Question

The solubility of $N_2$ in water is $2.2\times {10}^{-4}g$ in $100g$ of $H_{2}O$ at ${20}^{\circ }C$ when the pressure of $N_2$ over the solution is $1.2atm$.

Calculate the solubility at ${20}^{\circ }C$ when the pressure of $N_2$ over the solution is $10atm$.
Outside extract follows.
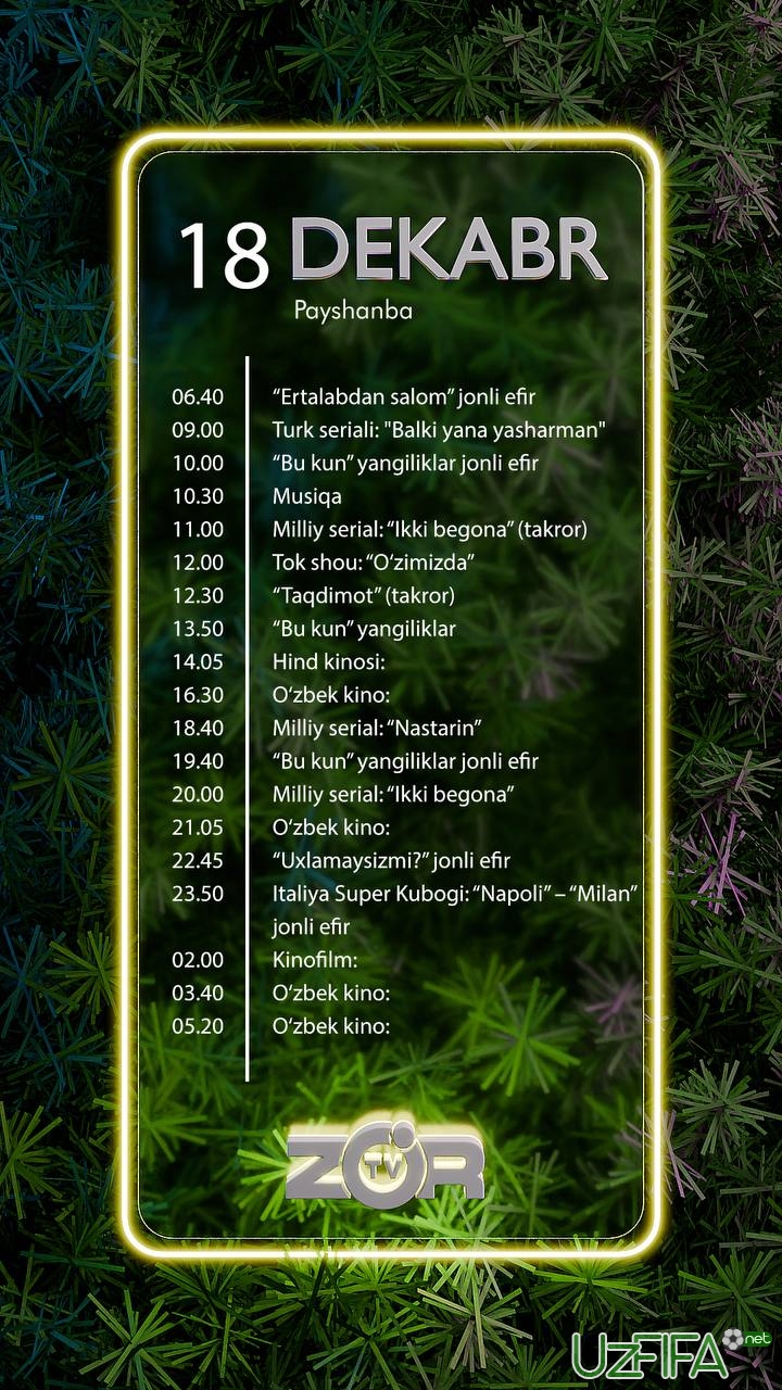 Zo'r TV telekanali 18-dekabr kuni Italiya superkubogi doirasida «Napoli» - «Milan» o‘yinini jonli translyasiya qiladi
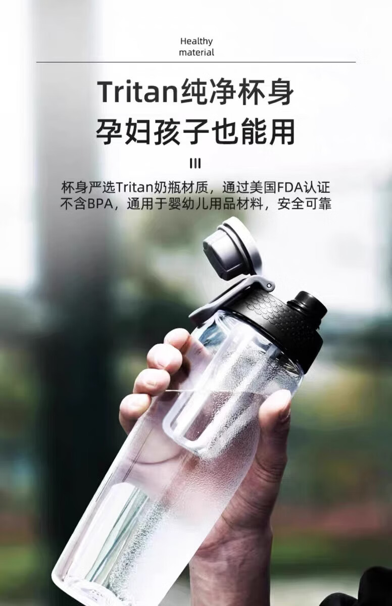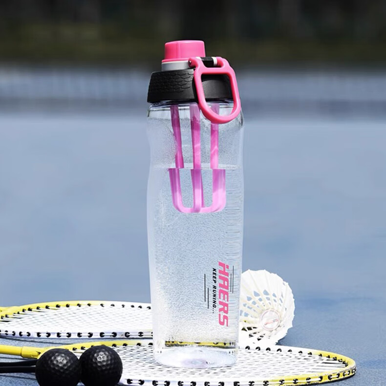 哈尔斯(HAERS)Tritan塑料水杯防摔户外水壶大容量学生杯子夏季便携健身运动水杯 HTR-700-13玫瑰红 700ml

• A. $1.25\times {10}^{-3}g/100g{H}_{2}O$
• B. $1.49\times {10}^{-3}g/100g{H}_{2}O$
• C. $2.56\times {10}^{-3}g/100g{H}_{2}O$
• D. $1.83\times {10}^{-3}g/100g{H}_{2}O$

Answer 1

The correct option is D $1.83\times {10}^{-3}g/100g{H}_{2}O$

According to Henry's law, $S=KP$
S is the solubility in moles per litre
K is the henry's law constant
P is the pressure in atm.
For 1.2 atm pressure, substitute values in the above expression.
$2.2\times {10}^{-4}g/100g{H}_{2}O=K\times 1.2atm$
$K=1.833\times {10}^{-4}g/100g{H}_{2}Oat{m}^{-1}$
For 10 atm pressure, substitute values in the above expression.
$S=1.833\times {10}^{-4}g/100g{H}_{2}Oat{m}^{-1}\times 10atm=1.83\times {10}^{-3}g/100g{H}_{2}O$.